Viele Kinder am Kiehlufer kennen die Ape schon, der Nikolaus hatte hier bereits 2023 Tüten verteilt. Die Begeisterung der Kinder war damals so groß, dass der Verein jetzt wiederkam. Die Mörike-Schule dagegen ist neu als Anlaufpunkt, die Schulleitung hatte um einen Besuch gebeten.
Seit Dezember 2021 ist die Ape auf der Straße, Corona ist der Grund dafür. Während der Pandemie konnte stationäre Betreuung nicht mehr stattfinden. „Also haben wir uns gesagt, jetzt müssen die Bücher zu den Kindern kommen“, sagt Cornelia Temesvari.
Vor allem ukrainische Bücher sind gefragt
Die jeweilige Leitung der Einrichtung teilt dem Verein vorab die Zahl der Kinder und die Sprachen mit, die in der Unterkunft geredet werden. Allerdings stößt der Büchertisch hier schnell an Grenzen. Vor allem ukrainische Bücher werden nachgefragt, aber die gewünschte Literatur ist nur selten unter den gespendeten Büchern. Ans Kiehlufer hat der Nikolaus deshalb auch Bilderbücher gebracht.

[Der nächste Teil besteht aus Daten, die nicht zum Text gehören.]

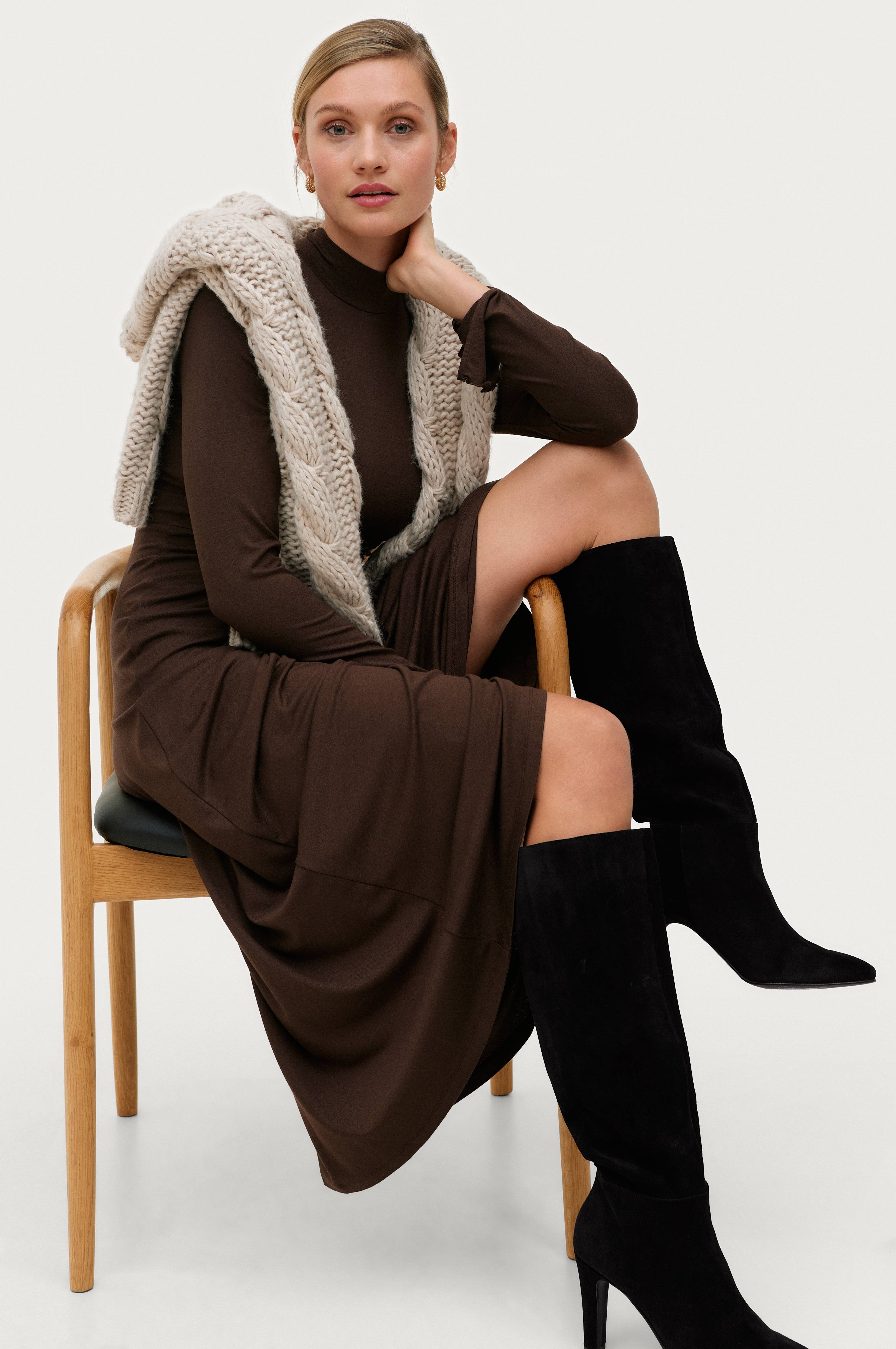 • Læglængde model• Høj udskæring• Lange ærmer med slids ved manchetterne• Bølget kant ved manchetterne• Længde: 128 cm i størrelse 34/36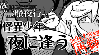 旧本編 【漫画】(旧)霊魔夜行 #2 怪異少年夜に逢う 【再録】澪摩を見つけた陽晃に差し向けられたものは……(10頁)2020年9月25日にpixivで公開した作品の再録です。🔞本投稿には刃物による暴力や内臓の露出などの要注意描写を含みます。 2024.01.14 旧本編漫画
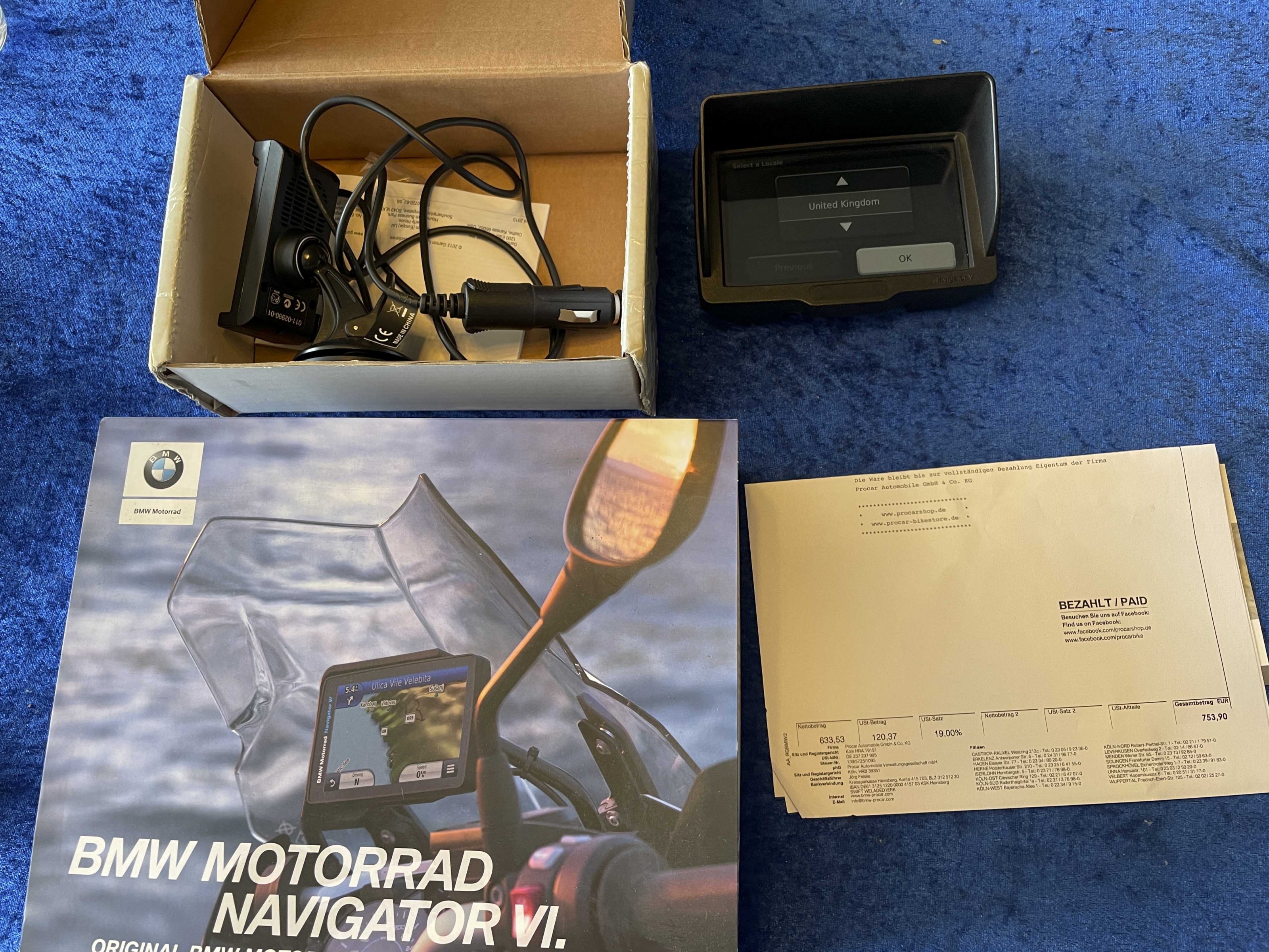 Daneben ist auch die Original-Autohalterung dabei ebenso wie die Sonnenabdeckung von Wunderlich (für den Navigator V, baugleich!).Das Case ist nicht dabei, ich habe es in der Garage nicht gefunden.

Gut, es sind fast nur deutsche Bücher, aber mit denen fördert der Verein die Deutschkenntnisse, und die sind für eine gelungene Integration unverzichtbar. Der Verein will ja auch Eltern zur Sprachförderung ihrer Kinder motivieren und sie gleichzeitig dazu animieren, ihre eigenen Deutschkenntnisse zu verbessern. Der Verein arbeitet auch mit Stadtteilmüttern, die sind in der täglichen Arbeit eine große Hilfe.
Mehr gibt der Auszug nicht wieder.